District council election
- Turnout: 19,846 (51.68%)
- Seats: 13 Independents

Mayoral election
- Turnout: 19,846 (51.68%)
| Candidate | Tim King | Brent Maru |
| Popular vote | 8,034 | 5,841 |
| Percentage | 39.80 | 28.94 |
| Candidate | Dean McNamara | Maxwell Clark |
| Popular vote | 3,417 | 2,514 |
| Percentage | 16.93 | 12.45 |
| Mayor before election Tim King Independent | Elected mayor Tim King Independent |
- Vote share of elected district councillors

= 2019 Tasman District Council election =

The 2019 Tasman District Council election was held on 12 October 2019 as part of the wider 2019 New Zealand local elections to elect members to sub-national councils and boards.
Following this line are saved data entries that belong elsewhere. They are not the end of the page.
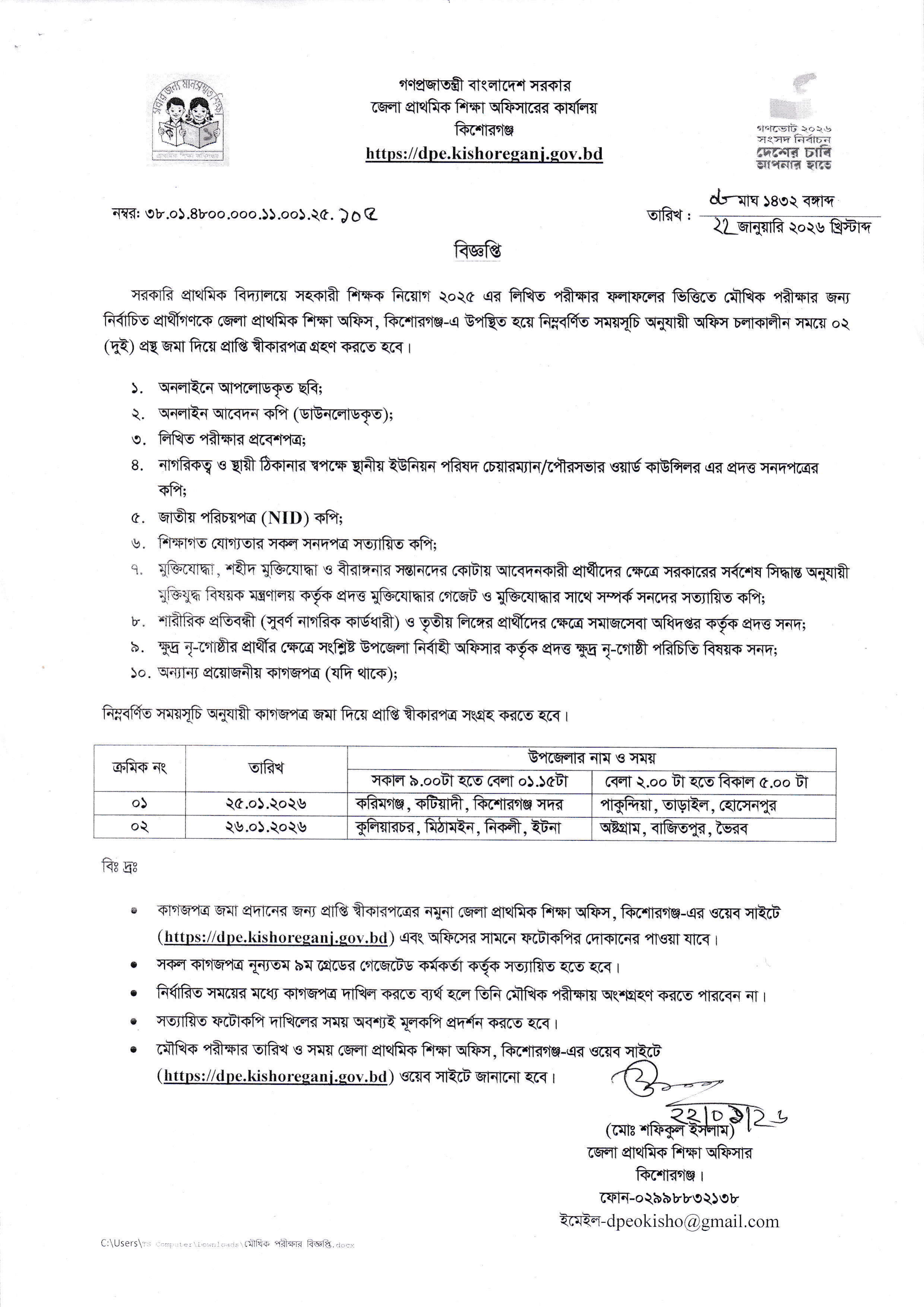 • মৌখিক পরীক্ষার তারিখ ও সময় জেলা প্রাথমিক শিক্ষা অফিস, কিশোরগঞ্জ-এর ওয়েবসাইটে (https://dpe.kishoreganj.gov.bd) জানানো হবে।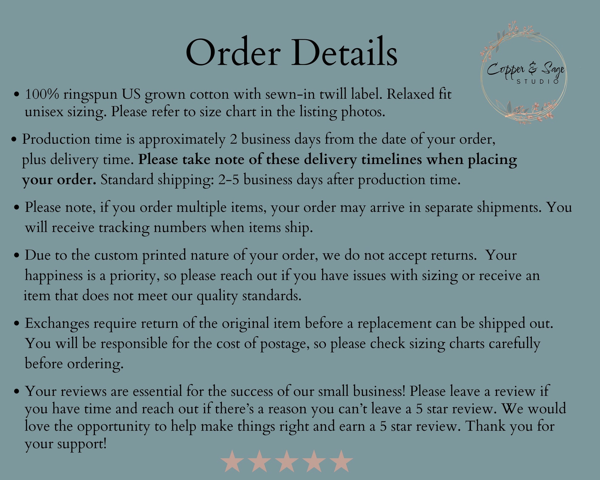 Please note that all items are custom made to order for each customer, therefore we do not offer returns/exchanges. If you have any issues or concerns, please absolutely reach out to us so that we can help.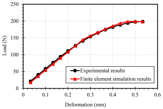 Plot of load vs deformation of tension test for experimental and finite element simulation.
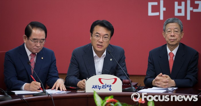 (서울=포커스뉴스) 정진석(가운데) 새누리당 원내대표가 30일 오전 서울 여의도 당사에서 열린 혁신비상대책위원회의에서 모두발언을 하고 있다.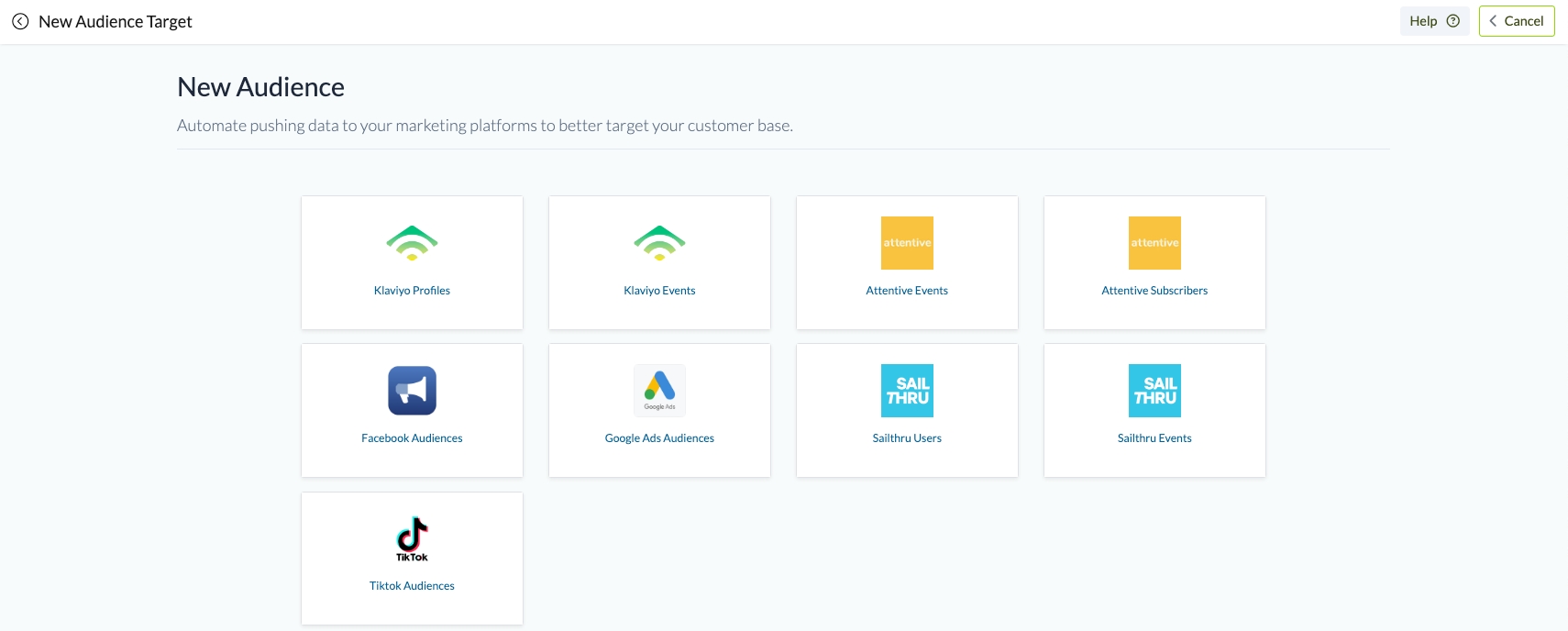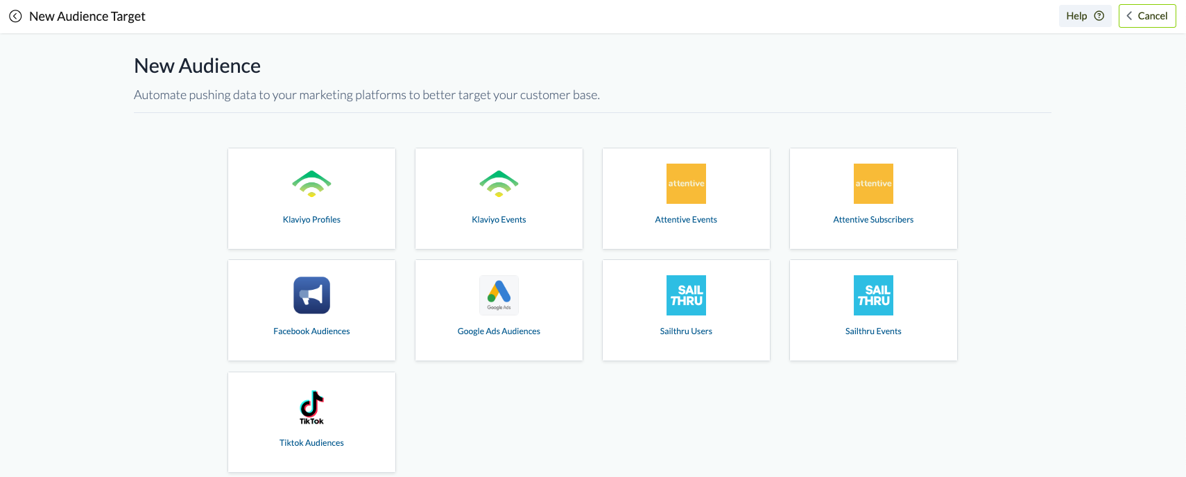 In the Daasity platform you will choose the endpoint first in our "New Target" page, and then you will define the data that you are pushing into the marketing platform via the endpoint.

One mayor and thirteen district councillors were elected in Tasman District, as well as the members of two community boards.

==Elected members==
===Mayor===
The incumbent mayor, Richard Kempthorne, announced in March 2019 that he would not stand for re-election. Kempthorne had first been elected as a district councillor in the 2001 local election and after serving two terms as a councillor, he had been mayor since winning the 2007 local election. Tim King, who had been Tasman's deputy mayor since 2001 and had first been elected to Tasman District Council as a councillor in the 1998 local elections, was elected to succeed Kempthorne in the mayoralty. Brent Maru, who was the incumbent chairperson of the Motueka Community Board, came in second place. Dean McNamara came third; this was his third mayoral election. McNamara was re-elected as a Moutere-Waimea ward councillor. Maxwell Clark came fourth in the mayoral contest.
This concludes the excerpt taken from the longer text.